Requirement |
Nothing but the lines below from the one with "A Prefeitura de" through the one with "Что интересно, не" should be output, each exactly as given, and no pictures.
━━━━━ Input records
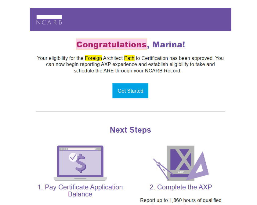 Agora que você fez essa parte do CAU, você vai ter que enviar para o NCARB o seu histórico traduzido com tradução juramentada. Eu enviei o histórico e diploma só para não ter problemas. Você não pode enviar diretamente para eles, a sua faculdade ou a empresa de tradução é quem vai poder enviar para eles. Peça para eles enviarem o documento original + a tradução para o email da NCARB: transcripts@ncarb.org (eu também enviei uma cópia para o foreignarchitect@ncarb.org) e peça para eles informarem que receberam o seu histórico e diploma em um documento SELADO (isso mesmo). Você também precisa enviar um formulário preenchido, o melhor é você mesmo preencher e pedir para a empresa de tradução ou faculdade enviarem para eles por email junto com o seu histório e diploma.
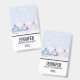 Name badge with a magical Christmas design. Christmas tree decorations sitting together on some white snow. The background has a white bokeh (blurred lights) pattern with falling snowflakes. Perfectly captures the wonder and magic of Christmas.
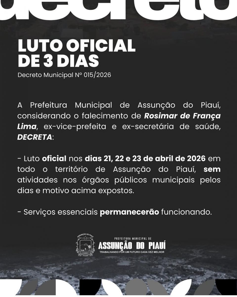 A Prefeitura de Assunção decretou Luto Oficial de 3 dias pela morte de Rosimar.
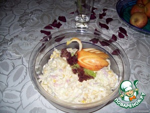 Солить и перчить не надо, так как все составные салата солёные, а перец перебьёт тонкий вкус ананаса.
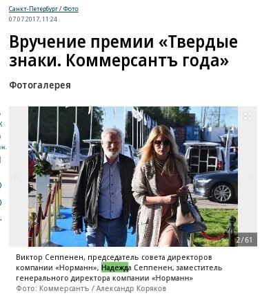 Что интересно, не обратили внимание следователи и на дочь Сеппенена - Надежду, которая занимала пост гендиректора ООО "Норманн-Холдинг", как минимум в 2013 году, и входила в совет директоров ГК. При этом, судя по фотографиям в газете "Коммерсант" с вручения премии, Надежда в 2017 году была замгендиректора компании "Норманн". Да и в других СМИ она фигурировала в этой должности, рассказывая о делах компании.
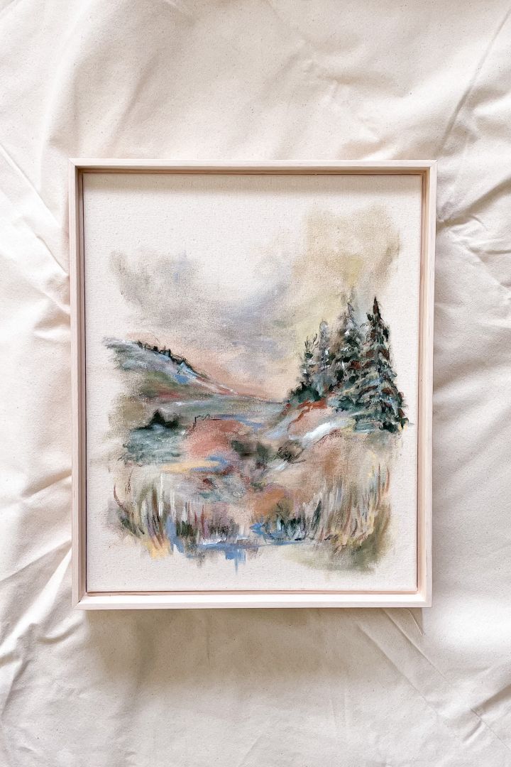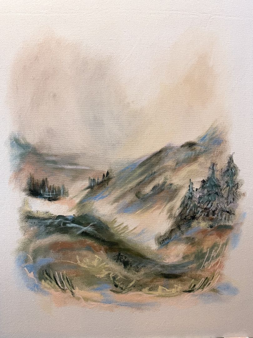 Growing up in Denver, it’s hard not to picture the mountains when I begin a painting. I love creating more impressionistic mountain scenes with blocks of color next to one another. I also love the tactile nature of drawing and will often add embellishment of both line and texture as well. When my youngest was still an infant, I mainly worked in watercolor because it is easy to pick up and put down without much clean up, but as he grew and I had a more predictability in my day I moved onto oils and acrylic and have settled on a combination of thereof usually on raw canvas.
━━━━━━━━━━
Worked solution |
 A Prefeitura de Assunção decretou Luto Oficial de 3 dias pela morte de Rosimar.
 Солить и перчить не надо, так как все составные салата солёные, а перец перебьёт тонкий вкус ананаса.
 Что интересно, не обратили внимание следователи и на дочь Сеппенена - Надежду, которая занимала пост гендиректора ООО "Норманн-Холдинг", как минимум в 2013 году, и входила в совет директоров ГК. При этом, судя по фотографиям в газете "Коммерсант" с вручения премии, Надежда в 2017 году была замгендиректора компании "Норманн". Да и в других СМИ она фигурировала в этой должности, рассказывая о делах компании.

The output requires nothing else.